Bitcoin slid sharply over the weekend, breaking below $76,000 in thin trading and briefly dipping through the $75,000 area as selling accelerated late Saturday into Sunday. The move pushed BTC into a zone that technician Aksel Kibar has identified as a key band of horizontal support, roughly between $73.7K and $76.5K.
The move didn’t come in a vacuum. Macro markets were already in a forced-risk-off posture, with a violent sell-off in precious metals feeding broader deleveraging dynamics, exactly the kind of tape that can amplify weekend volatility when liquidity thins out and stop levels get tested.
Kibar, a Chartered Market Technician and the founder of Tech Charts LLC, said in a series of posts on X that he’s watching the $73.7K and $76.5K closely, but not treating it as an automatic green light for longs. His message to traders: price reaching support is a location, not a signal, and the difference matters most when you’re trying to avoid catching a falling knife.
In several posts dated Jan. 30 and Feb. 1 he stated that his process is built around classical chart patterns rather than “guessing” the low. “Reaching a support area is not in itself a classical chart pattern buy signal,” he wrote. “We need to see a bullish reversal chart pattern forming around support areas. But trading tactics differ. You might have a different way to take advantage of the recent price action.”
Kibar framed the current range as an area where a bottom could form, but emphasized that his approach is to wait for structure, specifically a reversal formation that changes the odds profile. On Jan. 30 he laid out why he won’t chase a level just because it’s on the map.
“I’m not interested to find the support because I’m not trying to catch the falling knife,” he wrote. “I’m interested to find a bottom reversal pattern. A double bottom. A H&S bottom. I will always miss the boat if it is a V reversal.” That trade-off is deliberate, he added, and it’s part of knowing your own constraints: “Important to know your strength and weaknesses.”
In a separate post, Kibar linked the “base building” concept to a concrete trigger: a breakout above $91.2K, which he described as the completion point of a double-bottom scenario he had referenced earlier. “When I say we need a base building, some sort of a classical chart pattern (preferably with horizontal boundaries), I’m referring to the breakout above 91.2K (completion of a double bottom),” he wrote, adding that confirmation is “even more crucial because we are below long-term average,” before he can “submit for bullish interpretation.”
Kibar’s posts also pushed back on a common psychological trap in bottom-calling: confusing caution with fear. Responding to an X user who suggested he sounded bullish but reluctant to “make a call” to avoid being wrong, Kibar agreed with the setup but sharpened the motive.
“Everything correct,” he replied. “Except not I don’t want to be wrong but to have higher conviction. We can’t act in markets with the fear of being wrong.”
That distinction matters because it explains why his framework requires visible evidence of buyers stepping in, rather than a single level holding by default.

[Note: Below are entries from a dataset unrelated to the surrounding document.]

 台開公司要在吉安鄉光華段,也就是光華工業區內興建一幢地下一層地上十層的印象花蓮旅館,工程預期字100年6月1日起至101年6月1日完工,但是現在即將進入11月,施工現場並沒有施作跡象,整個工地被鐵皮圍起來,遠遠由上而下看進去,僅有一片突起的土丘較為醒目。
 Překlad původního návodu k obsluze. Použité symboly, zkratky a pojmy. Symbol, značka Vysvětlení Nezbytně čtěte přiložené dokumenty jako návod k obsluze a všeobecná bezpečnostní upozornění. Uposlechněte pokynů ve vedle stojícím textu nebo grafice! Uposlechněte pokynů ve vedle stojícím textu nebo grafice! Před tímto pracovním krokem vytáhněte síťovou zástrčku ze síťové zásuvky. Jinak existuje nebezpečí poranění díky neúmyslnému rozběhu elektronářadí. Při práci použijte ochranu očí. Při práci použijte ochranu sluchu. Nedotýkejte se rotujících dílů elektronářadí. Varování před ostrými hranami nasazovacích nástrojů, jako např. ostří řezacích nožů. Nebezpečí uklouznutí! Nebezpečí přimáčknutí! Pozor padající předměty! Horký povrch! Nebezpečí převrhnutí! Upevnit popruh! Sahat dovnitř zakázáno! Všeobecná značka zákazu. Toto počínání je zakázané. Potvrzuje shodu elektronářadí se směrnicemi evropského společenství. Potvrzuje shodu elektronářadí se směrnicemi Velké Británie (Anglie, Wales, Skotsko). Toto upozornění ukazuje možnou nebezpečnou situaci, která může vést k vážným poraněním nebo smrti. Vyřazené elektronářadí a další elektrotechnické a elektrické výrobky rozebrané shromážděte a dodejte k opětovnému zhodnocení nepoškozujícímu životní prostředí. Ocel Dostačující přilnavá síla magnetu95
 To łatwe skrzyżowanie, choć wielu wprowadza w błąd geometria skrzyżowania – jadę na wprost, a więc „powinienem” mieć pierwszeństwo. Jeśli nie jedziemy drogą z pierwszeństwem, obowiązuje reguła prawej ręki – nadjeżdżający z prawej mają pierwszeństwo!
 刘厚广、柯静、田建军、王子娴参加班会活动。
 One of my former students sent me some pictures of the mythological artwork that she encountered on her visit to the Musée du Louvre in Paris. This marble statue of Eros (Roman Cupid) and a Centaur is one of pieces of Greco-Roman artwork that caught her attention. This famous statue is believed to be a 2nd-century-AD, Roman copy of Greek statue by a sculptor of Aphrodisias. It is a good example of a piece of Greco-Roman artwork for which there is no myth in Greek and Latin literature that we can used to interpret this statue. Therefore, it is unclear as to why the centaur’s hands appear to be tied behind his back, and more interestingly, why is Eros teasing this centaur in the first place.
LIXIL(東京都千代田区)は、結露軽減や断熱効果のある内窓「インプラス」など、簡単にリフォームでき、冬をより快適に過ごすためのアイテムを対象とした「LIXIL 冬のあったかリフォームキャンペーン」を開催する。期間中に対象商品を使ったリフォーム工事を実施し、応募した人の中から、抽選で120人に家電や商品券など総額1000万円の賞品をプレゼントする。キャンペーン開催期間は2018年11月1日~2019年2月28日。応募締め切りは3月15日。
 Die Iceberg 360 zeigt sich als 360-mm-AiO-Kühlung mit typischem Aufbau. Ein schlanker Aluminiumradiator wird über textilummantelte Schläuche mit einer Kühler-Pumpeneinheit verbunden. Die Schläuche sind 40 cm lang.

When another user asked whether Bitcoin could be forming the right shoulder of a potential head-and-shoulders bottom, Kibar dismissed the timing: “Too early to start thinking about this.”
In his most recent update, Kibar described the kinds of behaviors that, in his view, can hint at demand emerging around support. Instead of treating it as a checklist, he framed it as the “signs” that can show buyers are willing to defend the area: a pickup in activity and volatility, candlesticks that show rejection(such as doji-like structures with long lower wicks) and short-term reversal structures like double bottoms or head-and-shoulders bottoms.
Kibar also introduced a market-structure point he said he learned while managing a large fund in the United Arab Emirates: “If there are no sellers, there will be no buyers.” He argued that large buyers often need meaningful supply to build size without moving price against themselves, and that heavy selling can sometimes be the condition that allows that accumulation, depending on motives and liquidity.
He briefly extended that idea to Strategy (formerly MicroStrategy), noting he wasn’t sure whether the firm “will be required (from an accounting perspective) to sell any assets,” but adding that, in his words, the market can be a “wild wild west,” where “some buyer out there might be after that chunk at a reasonable price.”
At press time, Bitcoin traded at $76,713.